- _EXERCISE DESCRIPTION_: Starting with the line that contains "Новогодние подарочные крафт" and ending with the last line of the entries, repeat exactly those lines and nothing else, pictures excluded.

-=-=-=-=-

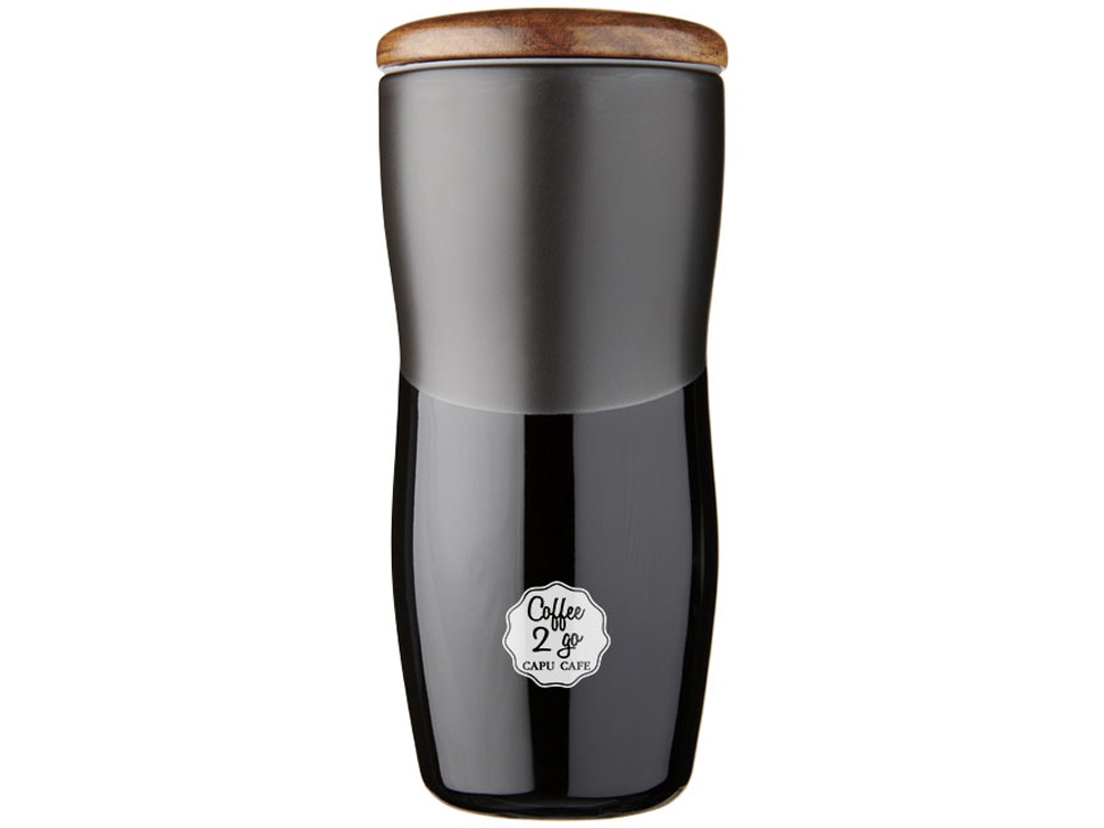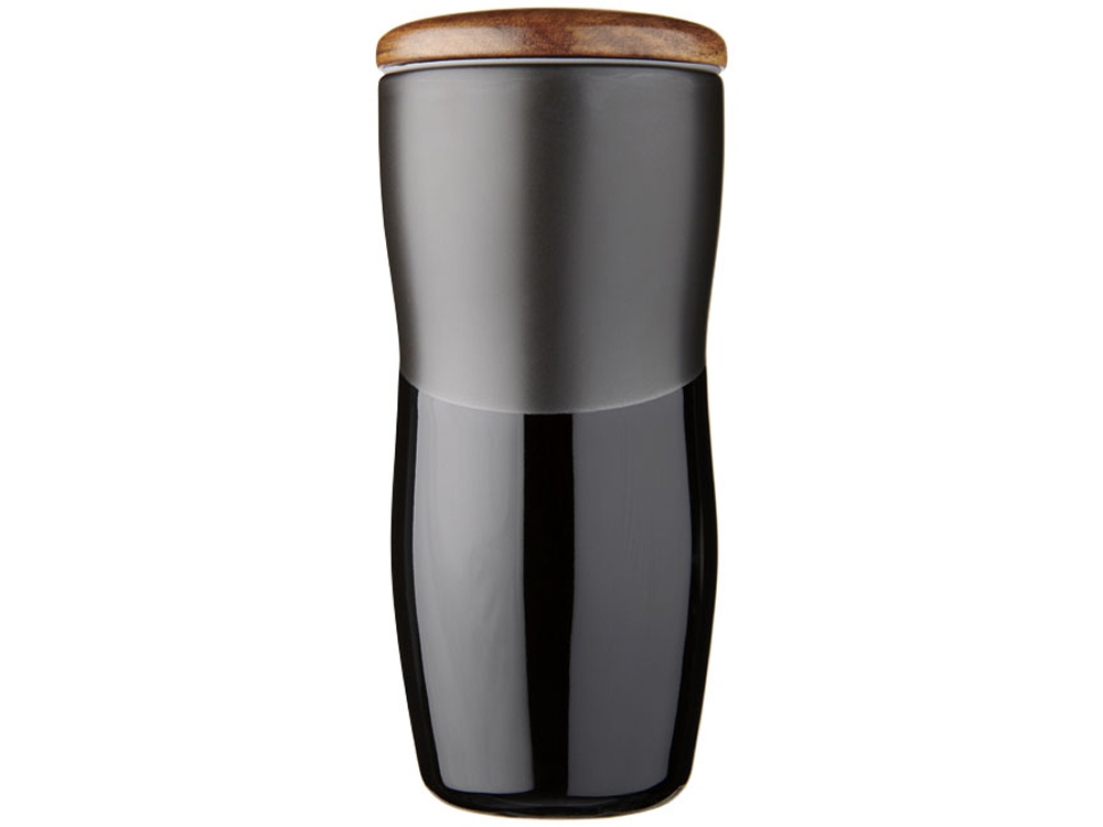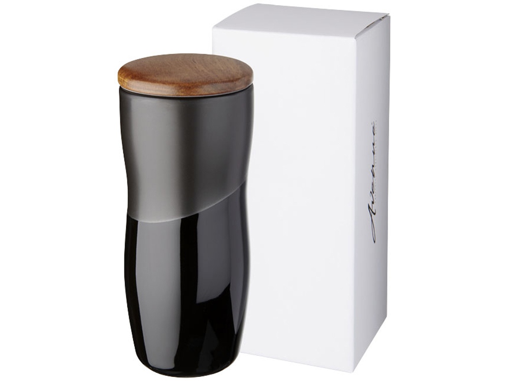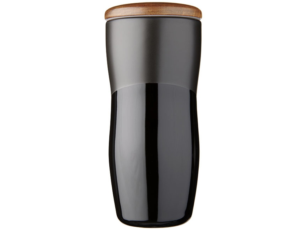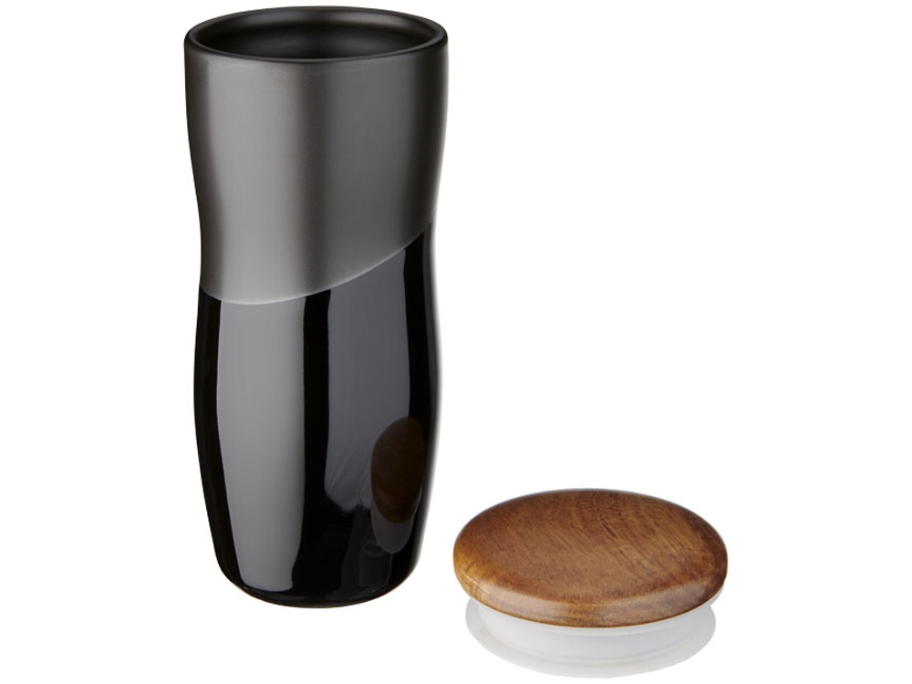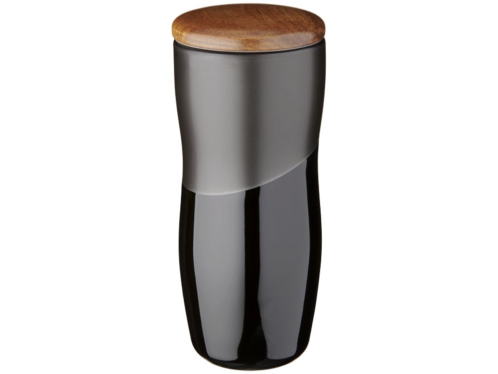 Двустенная керамическая термокружка Reno объемом 370 мл. Двустенная керамическая термокружка с контрастным дизайном из матового и блестящего покрытия. Кроме того, двустенная керамическая конструкция препятствует образованию конденсата на внешней стороне стакана. Оснащена деревянной нажимной крышкой. Номинальный объем кружки 370 мл, при использовании крышки максимальный полезный объем составит 335 мл.
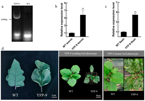 Characterization and analysis of overexpressing SmMPK4.1 plants: (a) DNA level assay of SmMPK4.1 gene in leaves of wild-type and transgenic eggplants; (b) Relative expression levels of SmMPK4.1 gene detected in wild-type and transgenic eggplant leaves, ** p < 0.01 represents a significant difference; (c) Relative expression levels of SmMPK4.1 gene in wild-type and transgenic eggplant pulp assay; (d) Phenotypes of wild-type ‘LSHX’ and transgenic eggplant leaves. The error line indicates the standard deviation of three biological replicates.
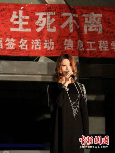 中新网5月12日电 昨日,尚雯婕携牛奶咖啡组合DISH乐队参加了由中国传媒大学信息工程学院发起5·12汶川地震两周年祭暨玉树地震祈福活动,大家心手传递“黄丝带”并留下祝福与祈愿。
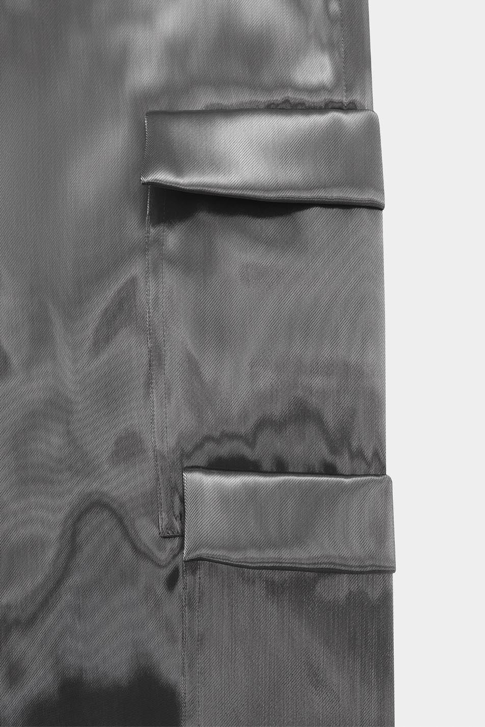 Signature Liquid Metal trousers, now in oversized cargo style with pockets. Oversized fit. Liquid metal fabric. Patch pockets at sides of legs and back. Diagonal zips in trouser hem for flared fit adjustment. Hook and eye closure waistband. Edgebound seam allowances with front and back lining. 'H'-beltloop at back.
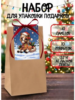 Новогодние подарочные крафт пакеты, упаковка для подарков
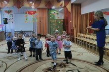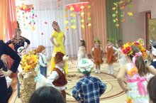28 октября в нашем детском саду тоже прошёл осенний утренник. Красавица Осень заглянула к детям в группу со своими щедрыми подарками, никого не оставила без внимания, а дети встречали её как дорогую гостью — с песнями, танцами, сказками, играми! Дети исполнили песни: «Осень в гости к нам пришла», «Осень милая шуршит», исполнили танец с осенними листочками. В гости к осени пришли милые грибочки-мухоморчикиа. В гостях у ребят побывали лесные звери. Дружно отгадывали воспитанники ДОУ и зверята осенние загадки, играли в веселые игры и забавы. В инсценировке были использованы следующие персонажи: зайчик, который принёс корзинку с овощами и фруктами, белочка пришла с корзинкой, наполненной шишками, медведь с бочонком мёда нового урожая, ёжик с яблоками и грушами.

-=-=-=-=-

- _TASK ANSWER_:
 Новогодние подарочные крафт пакеты, упаковка для подарков
28 октября в нашем детском саду тоже прошёл осенний утренник. Красавица Осень заглянула к детям в группу со своими щедрыми подарками, никого не оставила без внимания, а дети встречали её как дорогую гостью — с песнями, танцами, сказками, играми! Дети исполнили песни: «Осень в гости к нам пришла», «Осень милая шуршит», исполнили танец с осенними листочками. В гости к осени пришли милые грибочки-мухоморчикиа. В гостях у ребят побывали лесные звери. Дружно отгадывали воспитанники ДОУ и зверята осенние загадки, играли в веселые игры и забавы. В инсценировке были использованы следующие персонажи: зайчик, который принёс корзинку с овощами и фруктами, белочка пришла с корзинкой, наполненной шишками, медведь с бочонком мёда нового урожая, ёжик с яблоками и грушами.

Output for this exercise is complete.